What is the Earnest Money Deposit
Of course you know that you’ll need to pay a down payment on any home you hope to purchase with a mortgage (unless you’ll be using a VA or USDA home loan). But, did you know that you will also need cash for an “earnest money deposit?” Indeed you will, and it’s a fact that surprises many first-time homebuyers.
While the down payment is a lender requirement, the earnest money deposit is for the seller, and it shows him or her that you are earnest in your desire to purchase the home. Because you now have skin in the game, the seller can relax a little as the home comes off the market.
The amount of an earnest money deposit varies; there is no law dictating how much it should be. Therefore, it varies, according to region. Let’s take a look at how the amount of this deposit is usually determined.
Buried within most pre-printed real estate purchase agreements is a clause known as “Liquidated Damages.” This concept is defined well by Bob Hunt, former director of the National Association of Realtors and author of 'Real Estate the Ethical Way.' Hunt says that “A liquidated damages clause sets in advance - at the time of contract formation - what the monetary value of damages shall be in the event of contract breach by one of the parties.”
In other words, if the buyer fails to complete the transaction according to the agreement, the seller agrees not to sue but to keep whatever amount of money the parties have determined will cover damages.

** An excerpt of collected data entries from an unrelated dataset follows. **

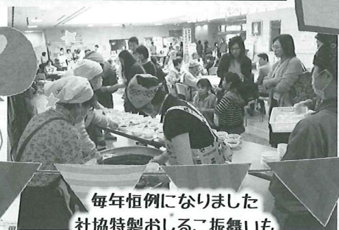
毎年恒例になりました 社協特製おしるこ振舞いも 大盛況でした!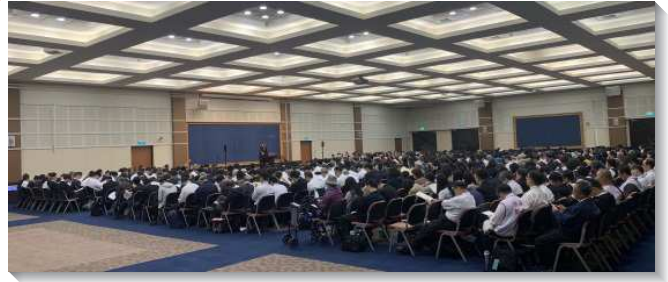
▲全台感恩節特會暨禱研背講聚會於中部相調中心舉行

全球各地召會藉著一年七次的特會信息彼此相調，這不僅使我們被主話構成，也把全球眾召會的聖徒相調在一起，使我們經歷基督身體的實際。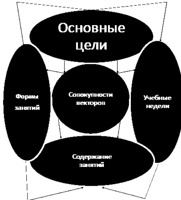
Рисунок 1. Взаимозависимости векторов и основных компонентов авторской инновационной педагогической программы развития социально-культурного потенциала участников творческих проектов в учреждениях культуры

Рассмотрим основные взаимозависимости более подробно: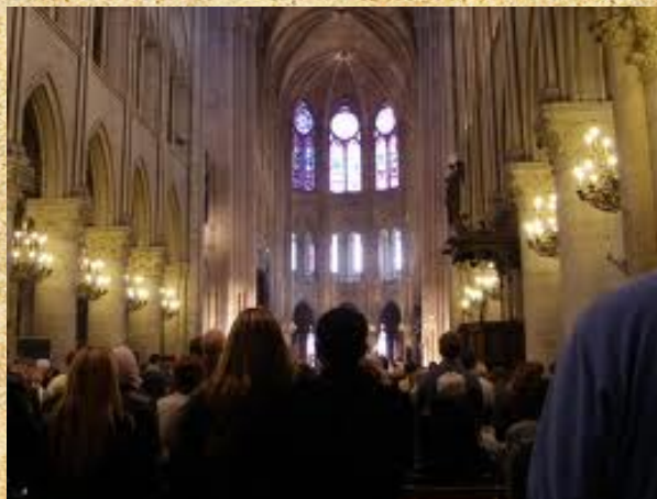
De gotische bouwstijl herken je aan de spitsbogen en hoge ramen.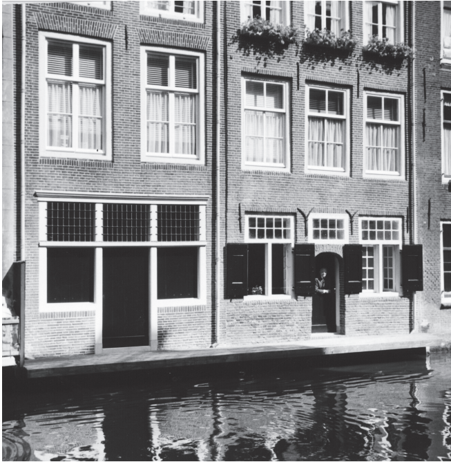
Keldergevels van 11bis en 11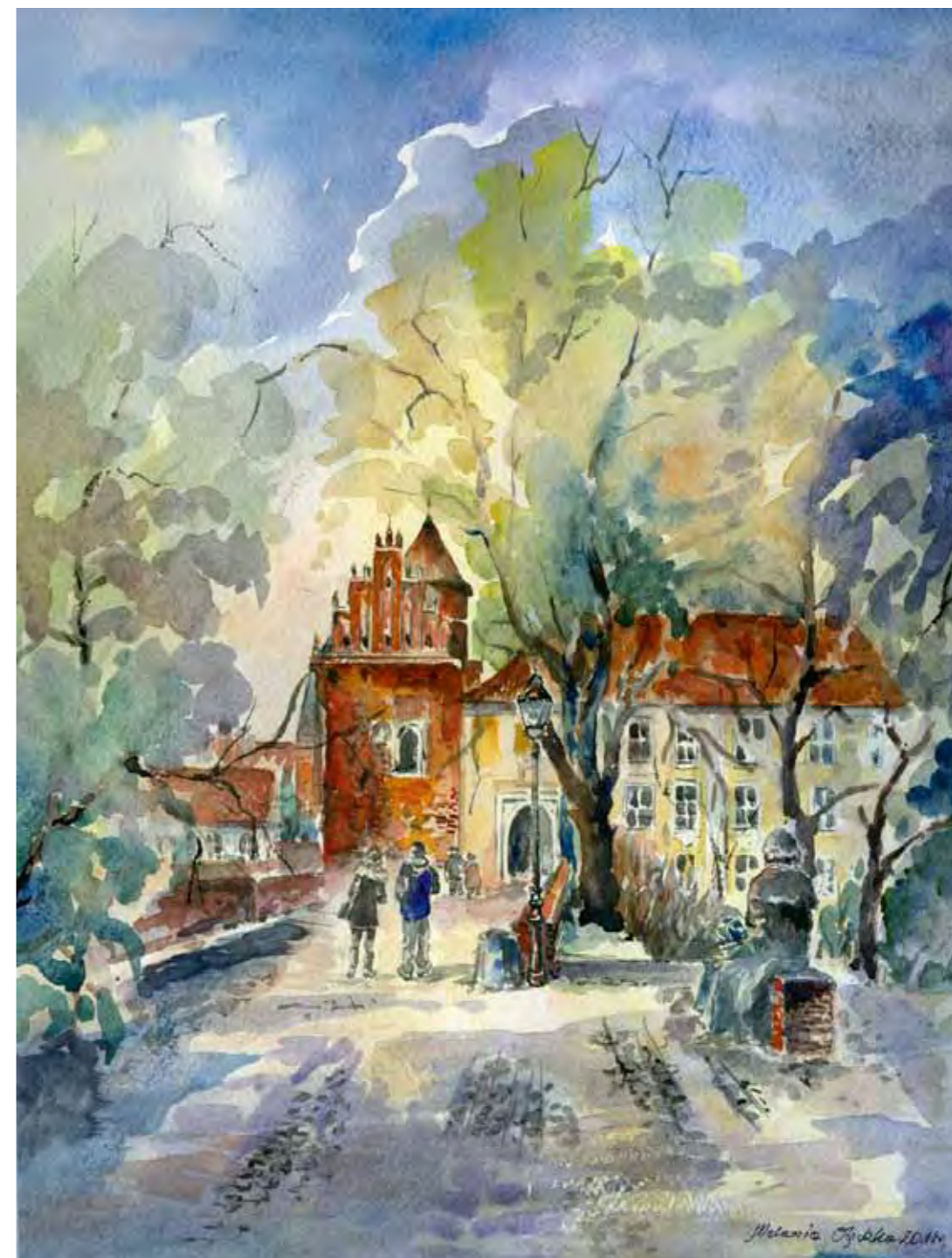
Olsztyn, ul. Zamkowa z pomnikiem Mikołaja Kopernika, widok współczesny

W 1917 roku, w celu upamiętnienia obecności i zasług wybitnego astronoma, przed wejście na groble zamkową wzniesiono pomnik Mikołaja Kopernika. Była to neogotycka budowla przypominająca kapliczkę z odlanym w brązie popiersiem uczonego. Niestety pomnik nie przetrwał wojny.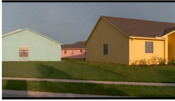
Edward Scissorhands (Tim Burton, 1990)

Dans Big Eyes , la majestueuse villa des Keane aux grandes baies vitrées, théâtre de jeux de réflexion et de lumière avec la piscine, rappelle les nombreuses peintures de piscine d'Hockney, particulièrement A Bigger Splash (1967). Jérôme Lauté compare l'esthétique de l'immense demeure de Big Eyes , à l'apparence inhabitée, avec l'œuvre de Richard Estes qui vide la société américaine de toute présence humaine et qui, par un travail sur les surfaces réfléchissantes, souligne la déshumanisation produite par la société occidentale : l'eau de la piscine des Keane refléchi sur les fenêtres de la villa est, en ce sens, une incarnation de la vanité 10 . Big Eyes , à lui seul, peut être considéré comme une citation de quasi deux heures, d'abord à travers les citations directes des peintures de l'artiste Margaret Keane (Amy Adams), mais également par le biais d'une tentative esthétique de se rapprocher de l'hyperréalisme des toiles de Richard Estes 11 — grâce à un travail sur les couleurs et la lumière.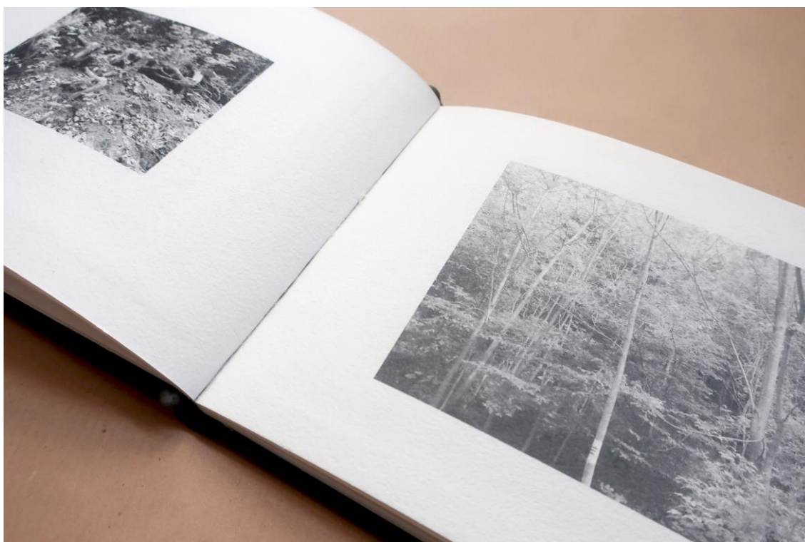
Slika 10. – Priručnik za praćenje staništa, 2017. – 2020. g., detalj

Detaljno sam zabilježila životne prostore organizama, njihove životne zajednice i njihove strukture, s naglaskom na kategorije utvrđenih vrsta. Prikupljanjem građe i njezinom obradom te vlastitim intervencijama ta bića podijelila sam u tri kategorije: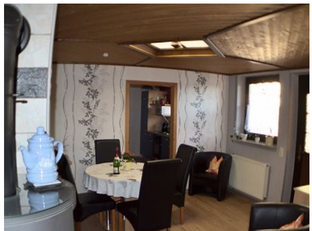
Wohnzimmer Blick zur Küche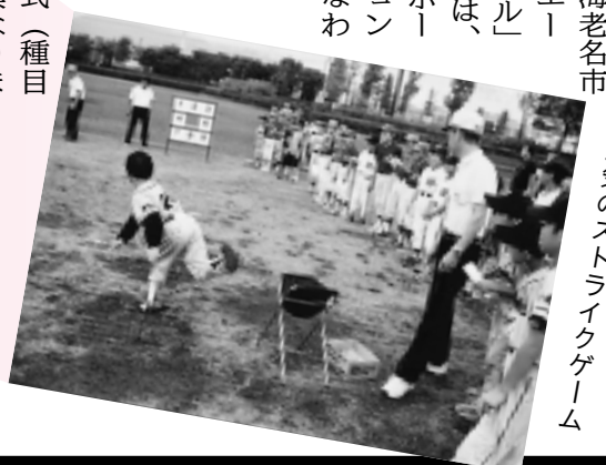
人気のストラップゲーム

10月11日(祝)海老名運動公園で「第6回海老名市スポーツ・レクリエーションフェスティバル」を開催します。当日は、県主催「かながわスポーツ・レクリエーション大会」も同時に行なわれます。盛りだくさんのイベントにご参加ください。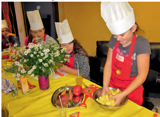
Den kleinen Köchen sieht man den Spaß an der Arbeit an

fel-Möhrensalat mit der geheimnisvoll klingenden Nachspeise Himbeertraum auf Wolke. Bei der Herstellung lernten die Kinder ganz nebenbei, wie man die Gefahren, die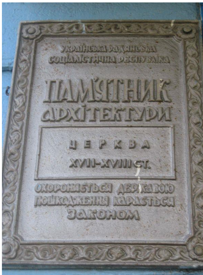
Охоронний знак храму святого апостола Луки с. Доросині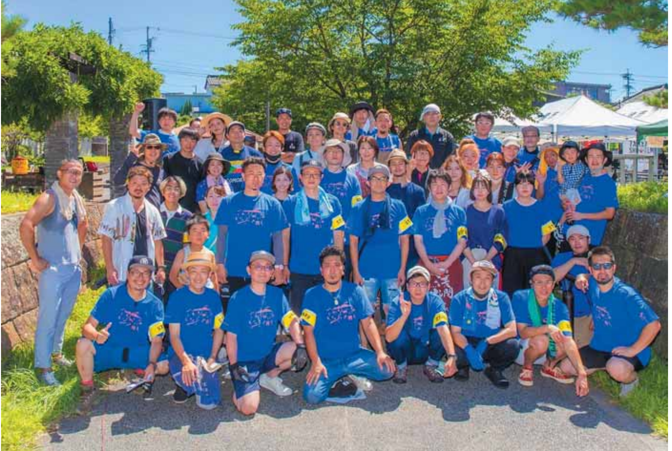
小諸商工会議所青年部の皆さん（小諸の食と職を未来に繋ぐ「こもミラにて」）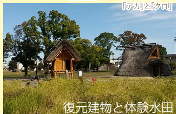
復元建物と体験水田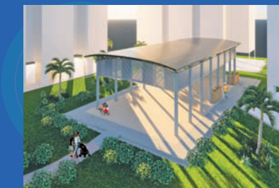
Upgrading of Communal Hall Location: Blk 275 Jurong West Street 25 Estimated Completion: 4th Quarter 2022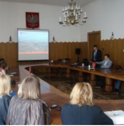
Delegacja z Ukrainy w Zatorze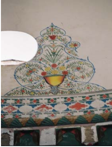
Resim 20. Kuba, Cuma Mescidi. Kubbe içindeki süslemelerden ayrıntı.

daha yakın ilişkiler geliştirmiştir. Bunun neticesinde Batılı etkiler toplumun her alanında olduğu gibi kültür ve sanat alanında da kendini göstermeye başlamıştır 27 . Diğer bir neden de iki kardeş ülkenin sanat adamları arasındaki karşılıklı etkileşimdir. Şehirlerdeki saraylara, evlere ve kimi camilere yapılan resimler bunun güzel göstergelerindedir. Bu yapılardan Şeki Han Sarayı'nda görülen kalem işi süslemeler, içinde canlı figürlerin yer alması bakımından diğerlerinden farklı bir görüntü sergilemektedirler.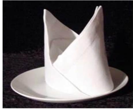
ลายหมวก (Bishop Hat)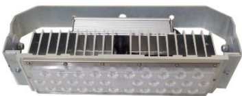
HERMÉTICA A LED 50 W – ESTIL LED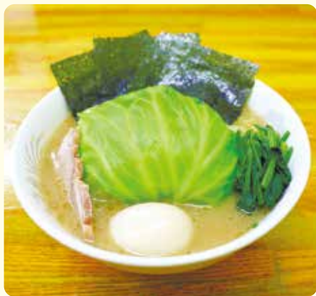
キャベ玉ラーメン 850円

丼ぶり中央に大きなキャベツを使う「キャベ玉ラーメン」は、1/4玉のキャベツがごろっと入っており、とてもインパクトがあります。キャベツは、注文が入ってから、麺と同時に茹ではじめるため、熱々のまま提供され、ほんのり芯の硬さを残す茹で加減は、周りの具材と合わせて食感が楽しめます。また、地元、都筑で採れた新鮮さという特徴からキャベツは甘みがたっぷり、人気 No.1のラーメンとなっています!!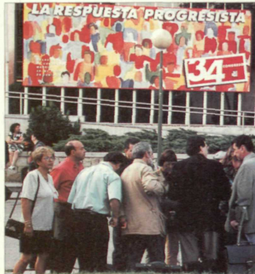
El Socialista incluye en este número el texto íntegro de las resoluciones aprobadas en el 34 Congreso (Pag. 27)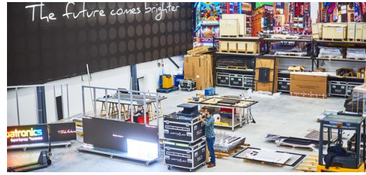
<p>Individuell: Apametal entwickelt und baut jedes digitale Schild selbst.</p> <p>– Frederik Dulay-Winkler</p>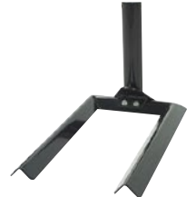
Pied Autocal Référence 0922 • En acier 35 € HT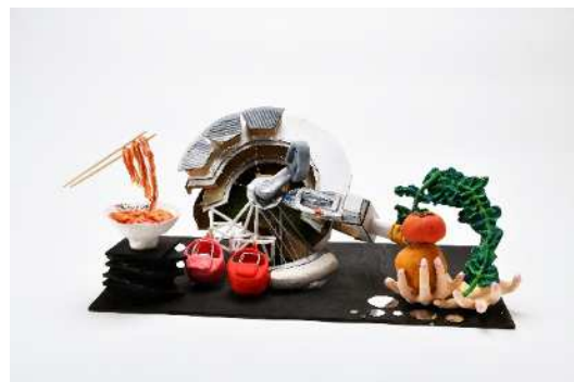
市制 100 周年特別賞 《百輪車》 いいくさ ゆら 飯草 結来(東海大学付属相模高等学校)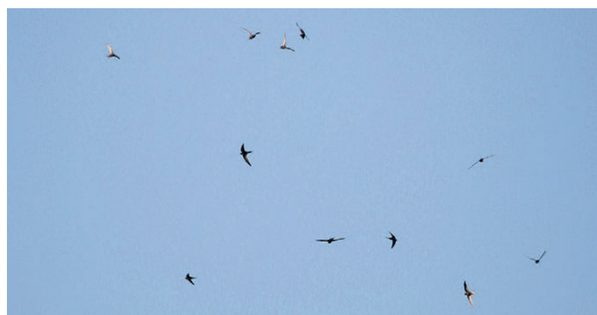
Meist sieht man sie nur hoch am Himmel. Doch zum Brüten sind die Mauersegler auch gerne unter den Giebeln der Bremgartener Altstadt Häuser.

«Auf dieser geführten Tour lernen wir zusammen mit dem Artenspezialisten den Lebensraum der Gebäudebrüter Bremgartens kennen», heisst es in der Einladung der Veranstalter von «Läbigs Bremgarte».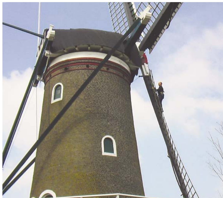
7 – HALSBREKENDE TOEREN BIJ MOLENINSPECTIE MAARTENSDIJK ZEELAND.

helder in kaart gebracht. Reden voor de Rijksoverheid c.a. om behoorlijk te investeren in dit museum, ook om daarmee een slechtere situatie te voorkomen.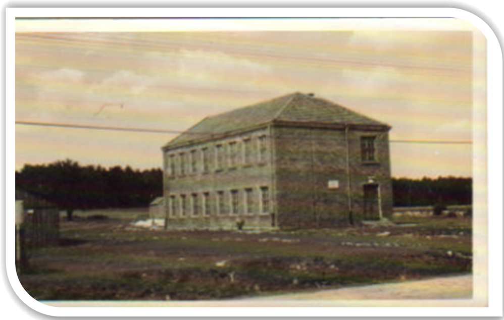
Budynek szkoły z roku 1937

W roku 1936 ukończono trwającą 5 lat budowę nowej szkoły. Był to jednopiętrowy budynek z czerwonej cegły, zaś w nim cztery sale lekcyjne.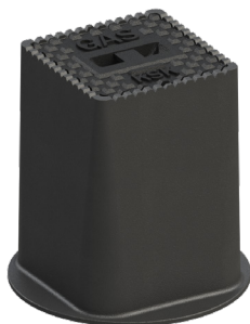
Typ 3581 SGX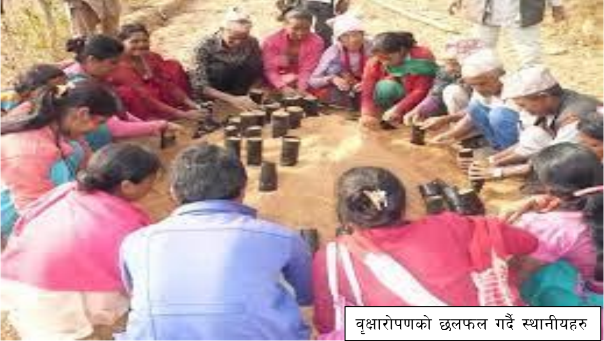
वृक्षारोपणको छलफल गर्दै स्थानीयहरू

प्राकृतिक श्रोतको व्यवस्थापनमा विद्यालय र समुदायस्तरमा समेत कार्यक्रमहरू सञ्चालन हुने गरेका छन् । विद्यालयमा प्राकृतिक श्रोतको संरक्षणका सन्दर्भमा पाठ्यपुस्तकमा अध्ययन गर्ने, करेसावारी र फूलवारीको निर्माण र संरक्षणमार्फत सानै उमेरदेखि वनस्पति संरक्षणप्रति बालबालिकालाई सजग बनाइन्छ । घर र समुदायमा करेसावारी र खेतीपातीका लागि स साना बुट्यानहरूको संरक्षण गर्ने कार्य गरिन्छ । त्यस्तै पानीको श्रोतहरूलाई ढुंगेधारा, पोखरी र अन्य जलाशयहरूमार्फत संरक्षण गर्ने गरिन्छ ।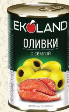
ОЛИВКИ с сёмгой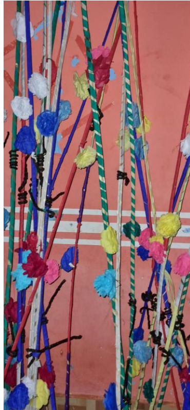
Figura 4 - Arcos enfeitados com candeias fixadas neles

So, what do liquidated damages have to do with your earnest money deposit? If you default on the purchase of the home, this deposit will be forfeited as liquidated damages. Therefore, an experienced listing agent will insist that the amount of the earnest money deposit is equal to the percentage of the sales price listed as liquidated damages.
As mentioned earlier, the amount of earnest money you’ll need to deposit varies by region. There are other caveats that vary as well. For instance, one percent of the purchase price may be standard in many regions but the buyer is typically asked to increase the deposit to equal three percent after the removal of contingencies.
Your real estate agent can structure the offer to purchase to keep this deposit as low as possible.